The development of Catholic Medieval Universities occurred over the span of a number of centuries. It was a great enterprise that revived the ancient institutions of learning of Athens and Alexandria but under the auspices of the Catholic Church and Catholic Monarchs. The Christian confidence in reason and the harmony between reason and faith enabled the development and growth of these institutions.
Newman does not give an account of the period between Charlemagne and the consolidation of the first Medieval Universities, but he notes that these developed out of the public or grammar schools. He described this as “a movement” requiring a “comprehensive philosophy.” By this we should understand a confidence in reason and rather a specific philosophical school. The subjects of the universities were the existing Trivium (Grammar, Logic, Rhetoric,) and the Quadrivium (Geometry, Astronomy, Arithmetic, and Music). What were only local centers of learning attracted larger numbers of students and became places with a “systematizing of knowledge.”

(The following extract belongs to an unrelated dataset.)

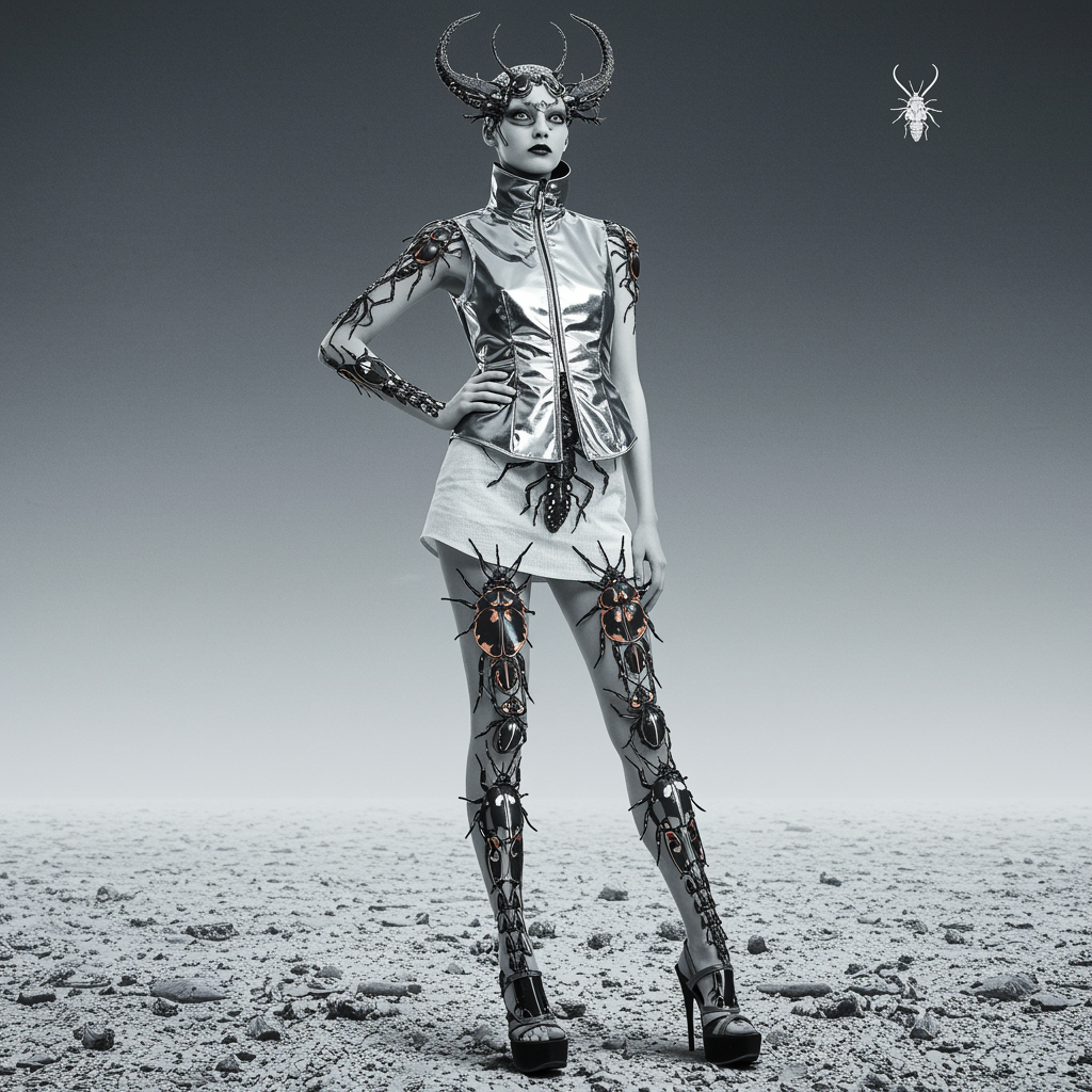 A woman adorned in a sleek chrome vest paired with an avant-garde ensemble and futuristic shoes, embodying the essence of cybernetic surrealism. Her appearance blurs the lines between womancore fashion and intricate realism, where her form is a mesmerizing assembly of intricate insects. Draped in shades of dark white and light black, she exists in a world touched by the whimsy of flowerpunk. The scene is a vivid exploration of contrasts and harmony, inviting the viewer to a realm where the organic and the mechanical converge in an awe-inspiring spectacle.

With the increase of the members the students were divided in groups by nations and a Procurator or Proctor headed each group. Something similar had been done in Athens. The University of Paris and the University of Vienna were divided each into four nations. Oxford only had two nations: “the north English, which comprehended the Scotch; and the South English, which comprehended the Irish and Welsh.” The office of Proctors at Oxford derived from this. At different universities the heads of the universities were called Rector, Chancellor or Provost. At first the head of a university taught students but as the sciences increased the instruction was left to Doctors who taught a given science. This was the origin of Deans of Faculties.
Initially degrees were only a testimonial that a resident was fit to teach at a given university, and in Newman’s time the Vice-Chancellor admitted a person taking a degree to the “lectio” of certain books. These degrees did not have purpose outside the university. Once universities were recognized by the State or other Universities then the import of degrees changed. “As students on taking degrees are admitted “legere et disputare,” so are they called “Magistri,” [Masters] that is, of the schools; and “Doctors,” that is, teachers, or in some places “Professors,” as the letters S.T.P. show, used instead of D.D.”
Newman enumerates the characteristic distinctions between public or grammar schools and of universities made by Bulaeus (César-Egasse du Boulay), a 17th century historian and rector of the University of Paris. The public or grammar school founded by Charlemagne and the universities into which some eventually grew differed in that in the latter, Medicine, Law and Theology were added to the seven liberal arts. The latter or Schola Majores were only located in the great cities and were few in number. Locations that were salubrious and beautiful were chosen as the site for universities. Another difference between public schools and universities is that Popes, Emperors and Kings were the founders of universities whereas lesser authorities in Church and State were the founders of Colleges and Schools. Another distinction according to Bulaeus were the privileges associated with universities: “Patrocinium” (or patronage) and “Praemium” (or awards). Lastly, the greater and lesser schools differed in their government; the colleges had one head while the university were governed by the community of scholars that constituted them.
With this sketch Newman summarily enumerates the subjects, faculty members and characteristics of the Medieval Universities which were Christian in origin and can still be recognized in contemporary universities, religious or secular.